::: EXTRACTED MATERIAL

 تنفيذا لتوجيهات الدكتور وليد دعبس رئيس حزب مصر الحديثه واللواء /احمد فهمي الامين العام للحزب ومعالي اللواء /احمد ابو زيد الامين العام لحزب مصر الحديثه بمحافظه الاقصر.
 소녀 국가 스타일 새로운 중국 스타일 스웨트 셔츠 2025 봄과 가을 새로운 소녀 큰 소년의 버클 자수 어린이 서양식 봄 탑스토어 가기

::::::
::: EXTRACTED MATERIAL

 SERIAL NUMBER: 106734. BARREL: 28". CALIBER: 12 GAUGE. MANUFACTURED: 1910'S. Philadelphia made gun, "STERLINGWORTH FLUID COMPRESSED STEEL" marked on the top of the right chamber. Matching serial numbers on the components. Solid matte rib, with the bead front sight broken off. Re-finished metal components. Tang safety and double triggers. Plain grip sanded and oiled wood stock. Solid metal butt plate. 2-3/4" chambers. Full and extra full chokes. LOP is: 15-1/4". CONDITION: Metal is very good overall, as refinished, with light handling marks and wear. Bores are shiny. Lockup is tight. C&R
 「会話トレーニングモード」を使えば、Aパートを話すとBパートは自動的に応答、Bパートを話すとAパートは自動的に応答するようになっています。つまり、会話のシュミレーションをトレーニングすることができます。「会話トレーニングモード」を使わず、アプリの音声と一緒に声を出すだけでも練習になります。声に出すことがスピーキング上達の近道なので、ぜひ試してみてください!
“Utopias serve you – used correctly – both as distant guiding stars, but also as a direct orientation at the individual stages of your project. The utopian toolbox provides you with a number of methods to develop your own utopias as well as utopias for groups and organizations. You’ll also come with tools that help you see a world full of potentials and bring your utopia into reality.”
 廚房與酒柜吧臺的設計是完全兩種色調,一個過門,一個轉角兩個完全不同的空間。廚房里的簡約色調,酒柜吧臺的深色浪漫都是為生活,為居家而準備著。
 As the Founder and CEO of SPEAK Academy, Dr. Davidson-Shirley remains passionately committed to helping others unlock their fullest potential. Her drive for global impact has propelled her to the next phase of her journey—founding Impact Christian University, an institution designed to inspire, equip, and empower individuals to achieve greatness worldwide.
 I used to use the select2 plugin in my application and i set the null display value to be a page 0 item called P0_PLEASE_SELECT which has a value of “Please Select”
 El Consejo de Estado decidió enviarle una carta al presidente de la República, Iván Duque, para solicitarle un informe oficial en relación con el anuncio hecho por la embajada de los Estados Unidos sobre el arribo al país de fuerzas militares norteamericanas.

::::::

▶ EXERCISE:
In the material above, transcribe exactly the lines beginning at the one with "廚房與酒柜吧臺的設計是完全兩" and ending at the one with "El Consejo de", both included.

▶ OUTPUT FOR THIS EXERCISE:
 廚房與酒柜吧臺的設計是完全兩種色調,一個過門,一個轉角兩個完全不同的空間。廚房里的簡約色調,酒柜吧臺的深色浪漫都是為生活,為居家而準備著。
 As the Founder and CEO of SPEAK Academy, Dr. Davidson-Shirley remains passionately committed to helping others unlock their fullest potential. Her drive for global impact has propelled her to the next phase of her journey—founding Impact Christian University, an institution designed to inspire, equip, and empower individuals to achieve greatness worldwide.
 I used to use the select2 plugin in my application and i set the null display value to be a page 0 item called P0_PLEASE_SELECT which has a value of “Please Select”
 El Consejo de Estado decidió enviarle una carta al presidente de la República, Iván Duque, para solicitarle un informe oficial en relación con el anuncio hecho por la embajada de los Estados Unidos sobre el arribo al país de fuerzas militares norteamericanas.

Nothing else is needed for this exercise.